Так сгинула со свету фамилии Рогатовых, и нет больше такой фамилии.
Петька ждал Клаву у крыльца, таясь в тени кустов. На улице, ведущей к вокзалу, не горел уже ни один фонарь. Клава шла по ней, задыхаясь от переполнявшей ее легкости, странной, мрачной и пьянящей. Она думала, что легкость эта происходит от открывшейся свободы уходить прочь. Прочь от захваченных неведомой силой мест. Прочь от поющих бессмысленные песни под алыми знаменами лиц, перекошенных радостным ужасом. Прочь от неровно повешенных плакатов, на которых белыми, текущими свежей краской, буквами, написаны заклинания красных. Прочь от Всадника, бешено носящегося по Клавиным снам с отведенной назад для секущего удара саблей, такой острой, что Клава невольно ежилась, вспоминая ее, и за ушами у нее по шее проползали мурашки, потому что она знала уже тот звук, когда сабля срежет ей голову, с сипящим свистом пройдет она сквозь ее тело, разделяя его на две безжизненные половины. Всадник теперь казался ей еще страшнее Комиссара, сверхъестественного человека смерти, блуждающего по улицам, как плохо захороненный мертвец, может быть его убили контрреволюционеры, да и бросили просто так лежать на земле, а Клава знала, что просто так оставлять труп грешно, надо совершить погребение, но кто же сейчас совершает погребения? Клава слышала даже от Петьки, что Советская власть отменила кладбища как рассадники религиозной белены.

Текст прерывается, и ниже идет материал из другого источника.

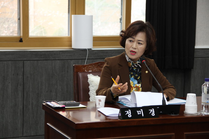 정미경 의원은 농기계 임대사업과 관련하여 사용방법 교육 및 보험 등 시민들이 안전하게 이용할 수 있도록 당부하였으며, 태백시 지역정책과 발전과정에서 남성과 여성의 평등한 참여 등을 실현하기 위하여 태백시 여성친화도시 조성에 관한 조례안을 대표 발의 하였다.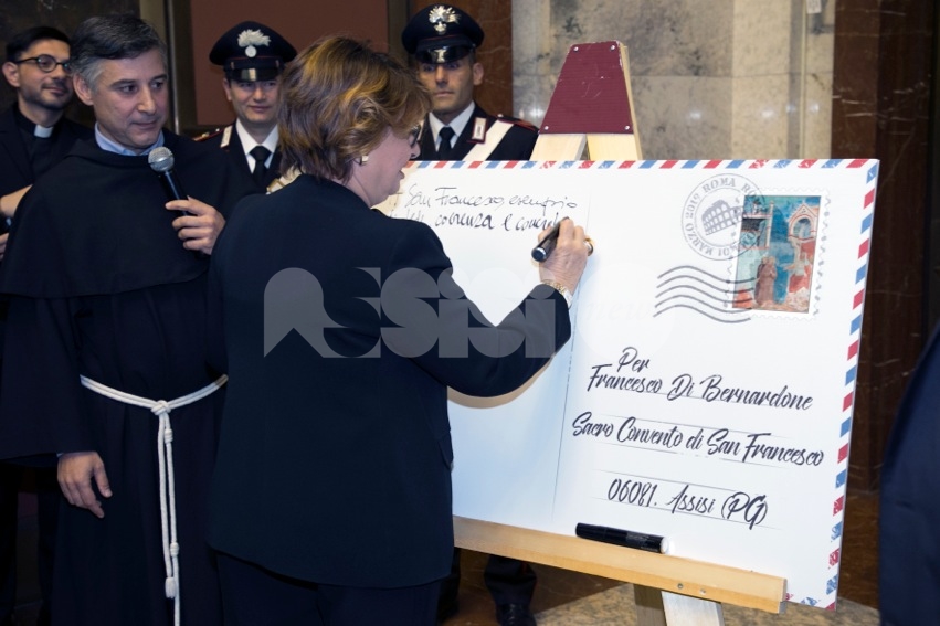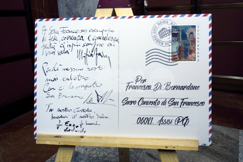 “Guardiamo avanti, guardiamo le persone negli occhi – continua padre Gambetti – per camminare lungo percorsi di riconciliazione. Una via che chiede accoglienza, conoscenza dell’altro e libertà interiore; una via di ricerca della verità attraverso il confronto e il dialogo. Sono queste le strade da percorrere anche per la politica, ad ogni livello. In quest’ottica, – conclude il Custode del Sacro Convento – speriamo che questo francobollo celebrativo possa servire per stimolare a scrivere ed inviare nuovi messaggi di pace, di fratellanza, di benevolenza per l’altro. Siamo convinti, infatti, che a distanza di otto secoli la profezia di Francesco è più che mai valida per il futuro”.

У Клавы не было никакого особого плана, она просто хотела покинуть город, ей казалось, что за его пределами где-нибудь можно жить, пока все не станет как прежде, пока англичане и французы не помогут папе и другим хорошим людям прогнать красных обратно, туда, откуда они явились, или поубивать их, как Клава убила деда Рогатова, она до сих пор еще помнила крепкий толчок черенка в руку, когда лопата врезалась лезвием в голову старика, тот тихо хрустнувший звук, с которым сломались его шейные позвонки, будто она срубила лопух. Нет, Клава уже не согласна была, чтобы красных прогнали, их обязательно надо было всех поубивать. Например, их можно было бы перестрелять из пулеметов и сжечь где-нибудь в тайге, подальше от Москвы. Вот тогда они прекратят хохотать повсюду без повода и развешивать свои дурацкие плакаты, перестанут петь песни по ночам, чтобы, как объяснял Павел Максимович, дух не уснул, а спало только тело, вот, наконец, перестанут они ехать непонятно куда на телегах с транспарантами, обещающими построить что-то, немыслимо огромное, а потому страшившее Клаву, даже после всего, что она пережила.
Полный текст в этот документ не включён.